Let’s put these thoughts together:

var products, inlineCount, resultCount, query;
var pageSize = 5;
var pageSkip = 1;

query = new EntityQuery<Product>()
    .Where(p => p.ProductName.StartsWith("C"))
    .OrderBy(p => p.ProductName)
    .Skip(pageSize * pageSkip) // skip a page
    .Take(pageSize)            // take a page

var products = await myEntityManager.ExecuteQuery(query);
// 'products' implements IEnumerable<Product>
// and contains page of products beginning with 'C'
// but it also implements IHasInlineCount via an explicit interface.
// hence the need to cast.
var inlineCountInfo = (IHasInlineCount) products;

var inlineCount = inlineCountInfo.InlineCount; // count of products beginning with 'C'                
resultsCount = products.length; // 0 <= resultsCount < pageSize

Getting just the count

Breeze does not yet support aggregate queries (count, sum, average, etc.). But we can get the count of a query without retrieving any actual data using the “Take(0), InlineCount()” trick:

var inlineCount, resultCount, query;

query = new EntityQuery<Product>()
    .Where(p => p.ProductName.StartsWith("C")) 
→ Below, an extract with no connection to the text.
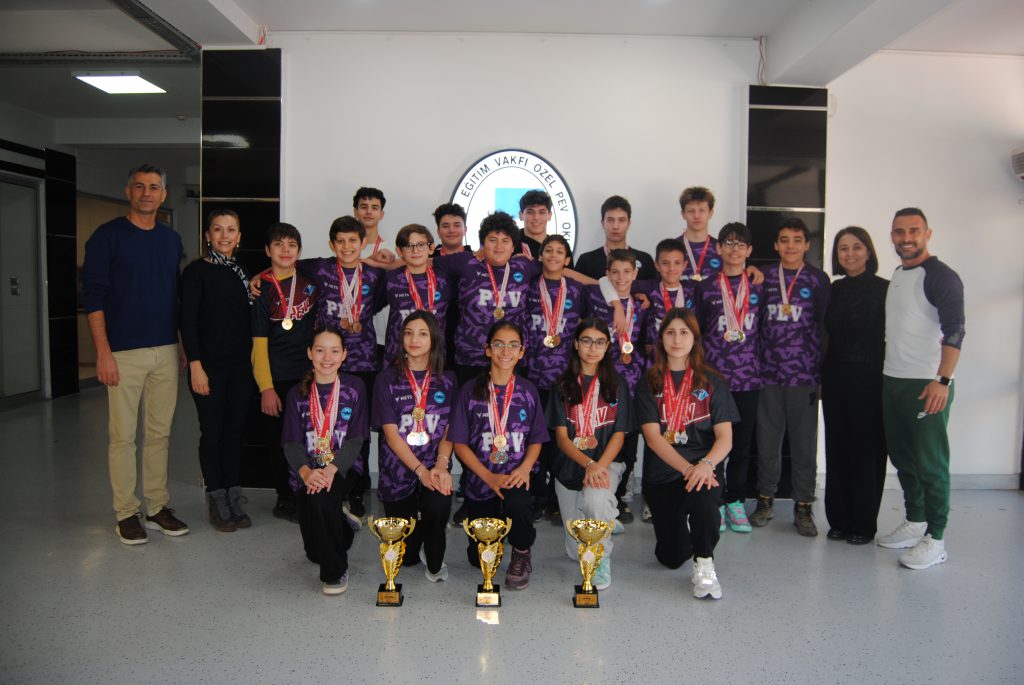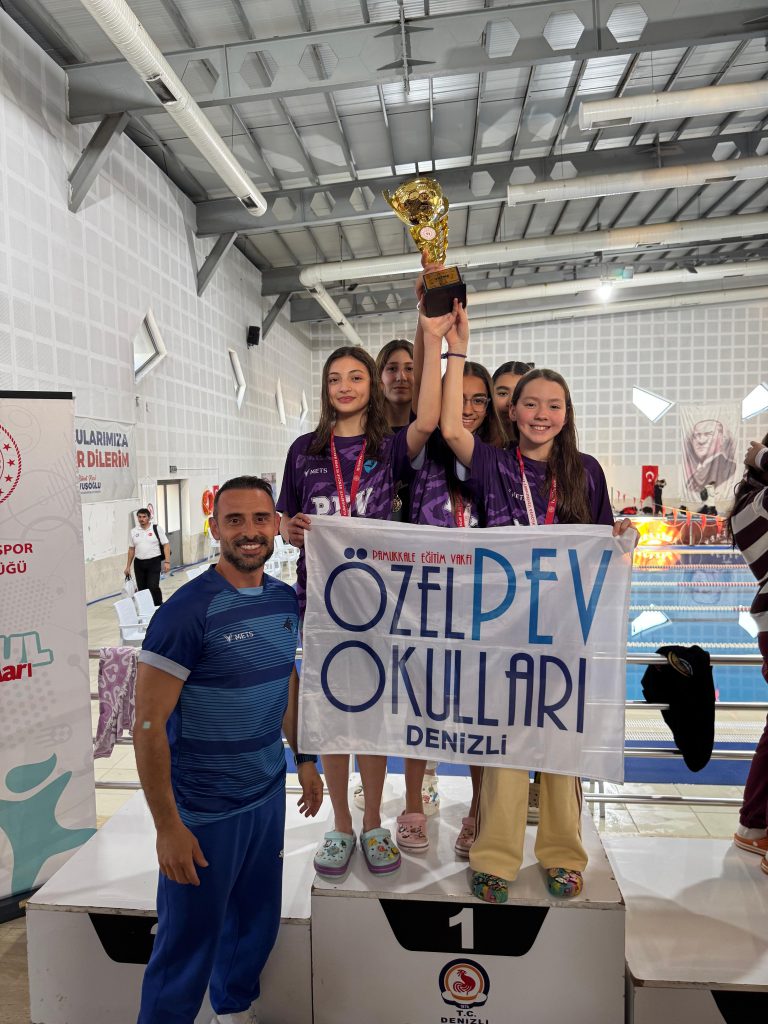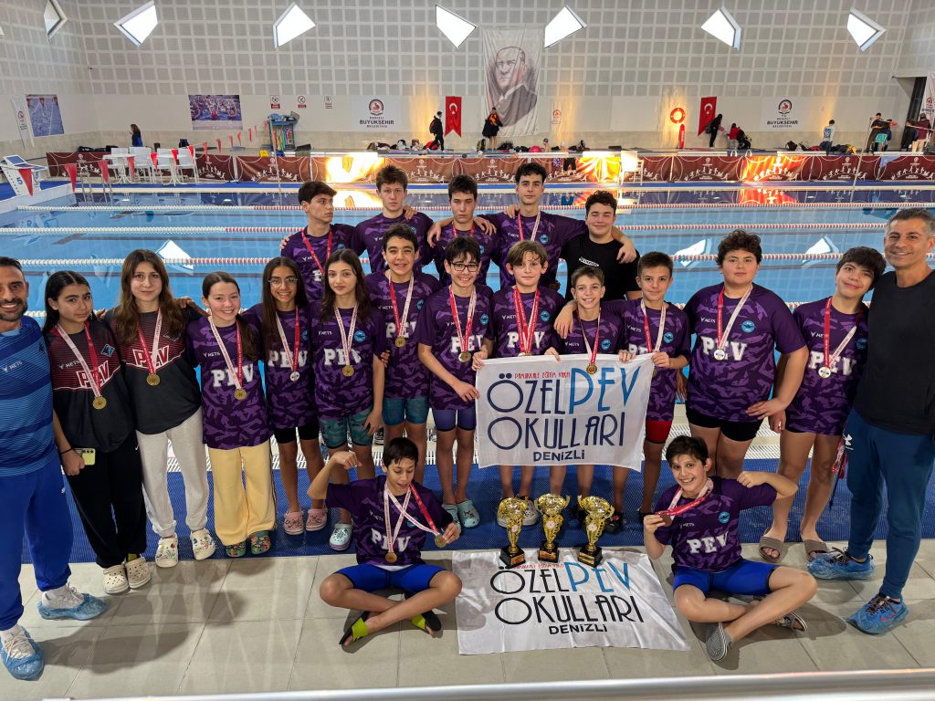 10-11-12 Aralık 2025 tarihlerinde Kayhan Yüzme Havuzunda Gençlik Spor İl Müdürlüğü tarafından düzenlenen Okul Sporları Yüzme Yıldızlar İl Birinciliği müsabakalarında Özel PEV Ortaokulu Yıldız Bayanlar takım yüzücülerimiz Derin Alya K., Selin Ö., Ela E., Feraye Y., Nildeniz Özgür B.’den oluşan Yıldız Bayanlar Takımımız 4x100m Karışık müsabakasında ikinci, 4x200m Serbest müsabakasında üçüncü, 4x100m Serbest müsabakasında üçüncü olarak Denizli birinciliğini elde ettiler!

var results = await myEntityManager.ExecuteQuery(query);
resultsCount = results.Count(); // 0 
inlineCount = ((IHasInlineCount) results).InlineCount;  // count of products beginning with 'C'

Query Options

The QueryOptions object defines two strategies that guide the EntityManager’s processing of a query.

The FetchStrategy determines the query target (server or cache).

The MergeStrategy tells Breeze how to merge raw entity query data into cache when an entity with that key is already in cache.